Carolyn, whose name I did not yet know, was draped in a beautiful red silk gown, with sparkles and furred, fluffy edges. Her smile sparkled twinkled more brightly than the rhinestones adorning her dress. Of course red and silk and sparkly and festive all caught my eye.  But more noticeably, she displayed something that couldn’t be bought then worn, a more from-the-inside-out something. 

 

When a number was called and the winning ticket holder made their way to the table to claim their prize, Carolyn’s smile grew wider, and her joy for them shown in her eyes.  Joy bubbled up rom inside her.  With glee she applauded as the winner was announced, and she seemed truly happy for each person, as though she, herself, had nothing invested in the game.  As though she, herself had won.

 

As though.  Can I live as though my hopes are not placed in outcomes?
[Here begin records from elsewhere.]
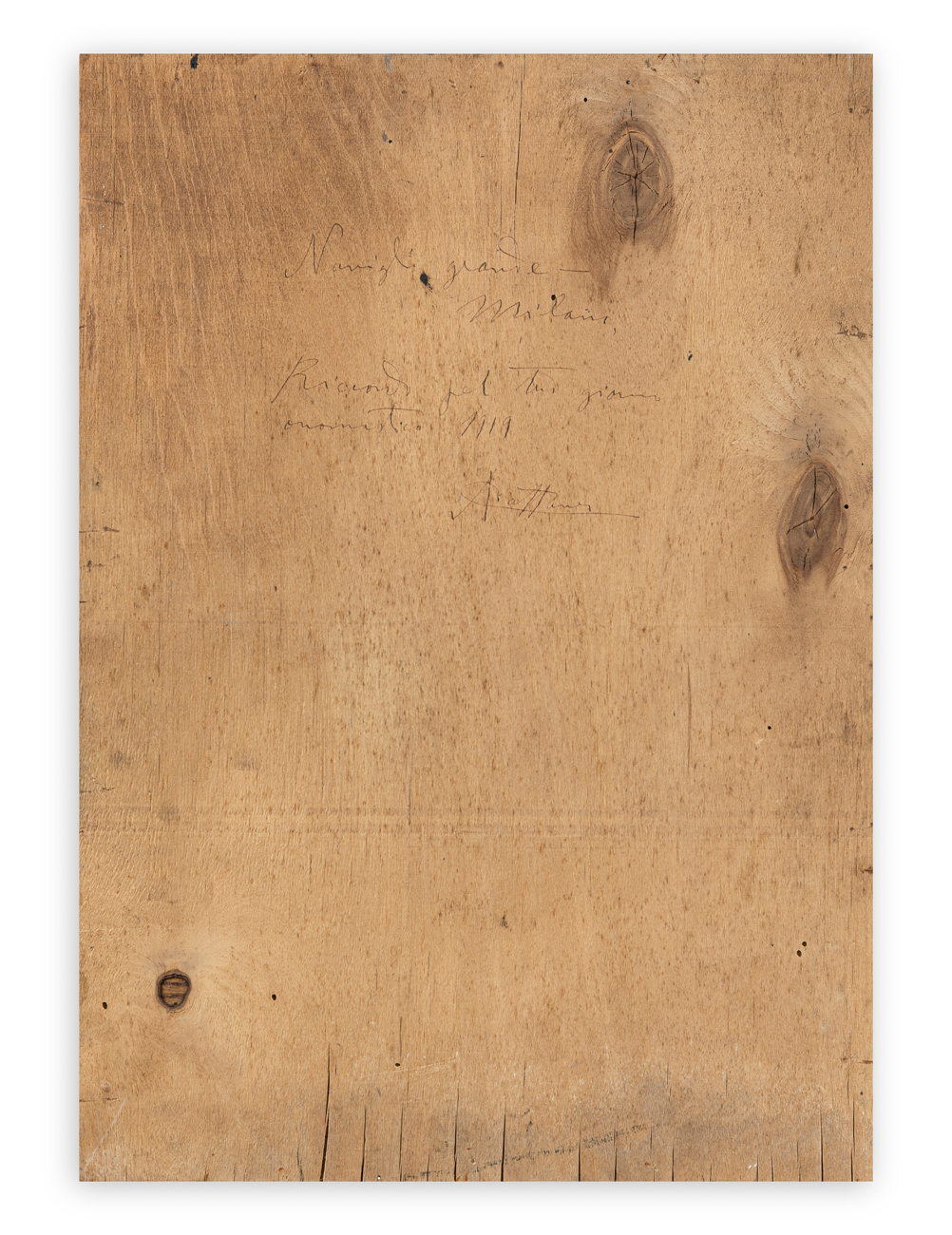 Opera senza cornice, presenta lievi difetti e tagli sulla parte inferiore della tavola
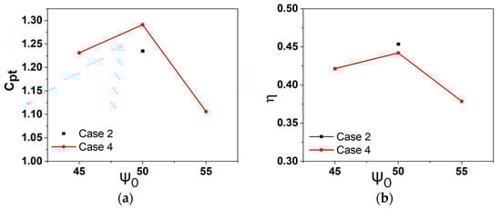 The calculated results for (a) total power coefficient and (b) efficiency for Cases 2 and 4.
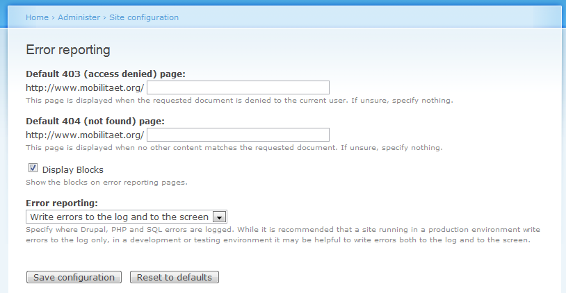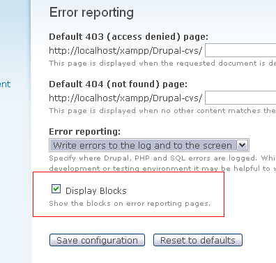 robloachThe "Display Blocks" option is something that should be present in the error reporting administration interface, as requiring someone to write code for doing this can be a bit overkill. This also makes it impossible to show the blocks in Garland, Minnelli, or any other core theme without making an entirely new sub-theme, and then adding the code block.
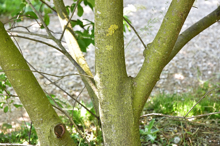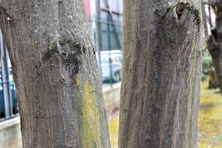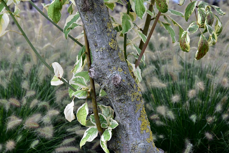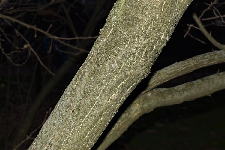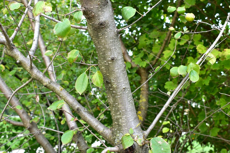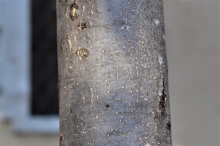 Corteccia liscia, grigio scura, opaca. Rami giovani con lenticelle Nei giardini vivono esemplari anche vetusti le cui lenticelle le danno un aspetto più ruvido.
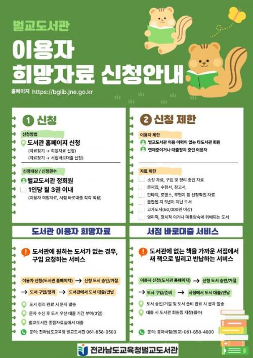 [Çѱ¹BBC¹æ¼Û Àü³²¹ú±³=À̽ŵ¿±âÀÚ] Àü¶ó³²µµ±³À°Ã»¹ú±³µµ¼­°üÀº µµ¼­°ü ÀÌ¿ëÀÚÀÇ µ¶¼­ ¸¸Á·µµ¸¦ ³ôÀ̰í ÀÚ·á ÀÌ¿ë ÆíÀǸ¦ °­È­Çϱâ À§ÇØ ¡®ÀÌ¿ëÀÚ Èñ¸ÁÀÚ·á ¼­ºñ½º¡¯¿Í ¡®¼­Á¡ ¹Ù·Î´ëÃâ¼­ºñ½º¡¯¸¦ ¿î¿µÇϰí ÀÖ´Ù. ¡®ÀÌ¿ëÀÚ Èñ¸ÁÀÚ·á ¼­ºñ½º¡¯´Â µµ¼­°ü¿¡ ¼ÒÀåµÇ¾î¡¦
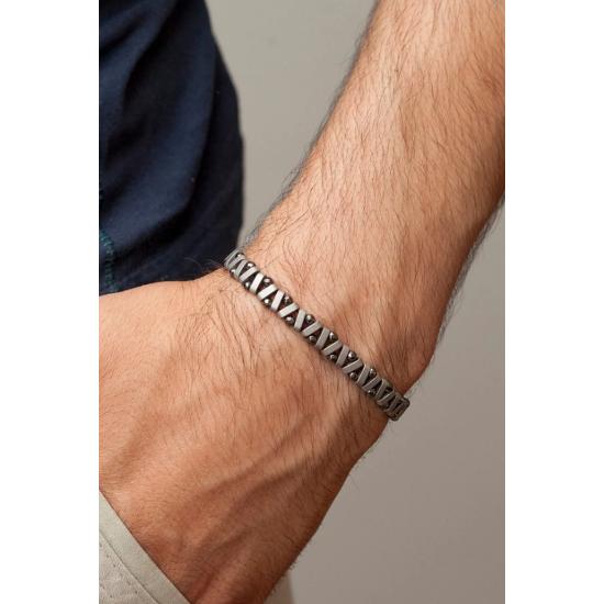 Вязаный мужской браслет из натурального камня макраме с гематидом
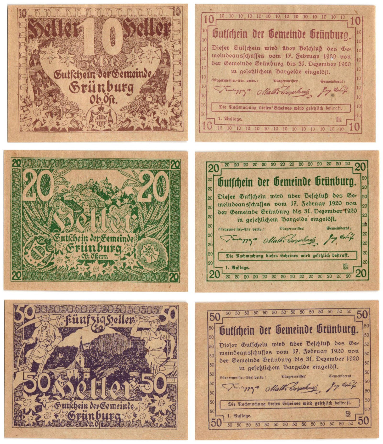 AUSTRIA Grünburg 1920 local banknotes lot / Notgeld / 3 pcs. UNC
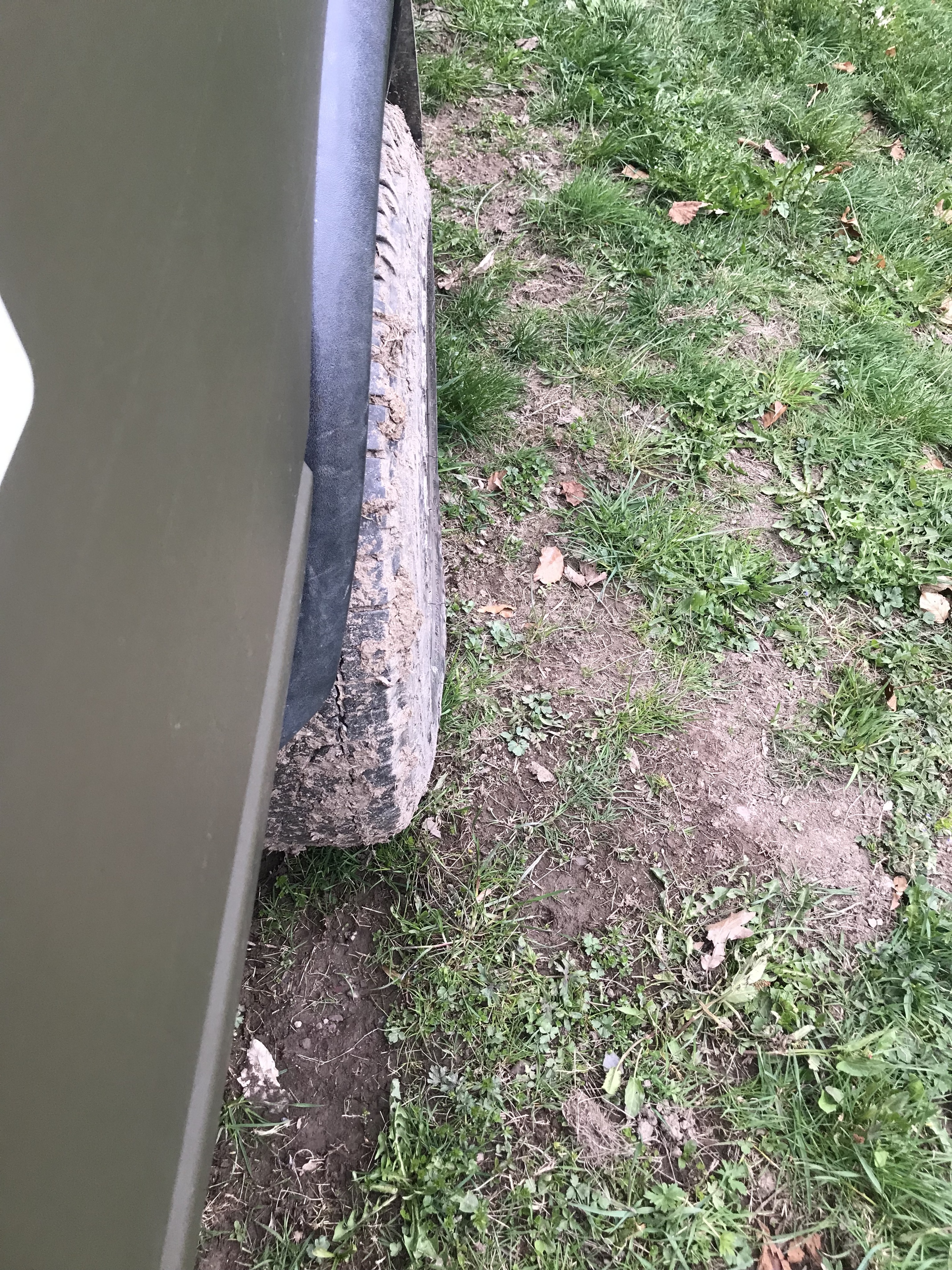 Ist das abgenommen, weil die Reifenlauffläche ja über die Kotflügel hinaussteht? Oder sieht das nur so aus?
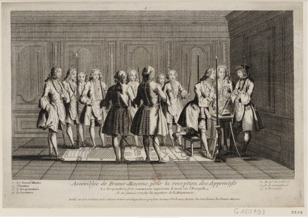 Assemblée de francs-maçons pour la réception des apprentifs (gallica.bnf.fr]
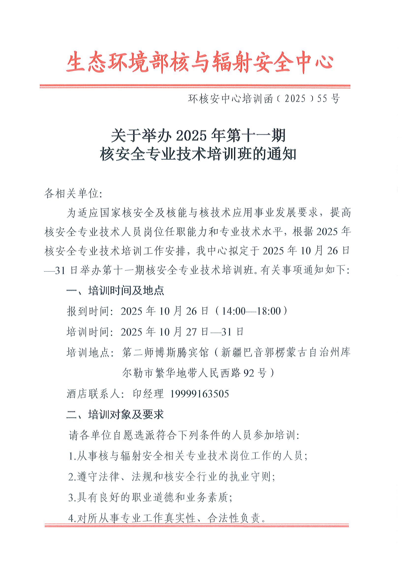 关于举办2025年第十一期核安全专业技术培训班的通知

Can I live trusting that there will be enough for us all, whether you win or I win in that moment?

 

As though the good that happens to you happens to us all?

 

I walk back to the cabin beneath an inky, star-strewn sky, hearing the crunch of snow beneath my booted feet, holding something beneath the surface of me more valuable than any raffle prize.  Gloved hands empty and tucked into my parka's pockets, but heart full, I want for nothing, except for what Carolyn has (and I don’t mean her gorgeous dress, though that would be lovely). 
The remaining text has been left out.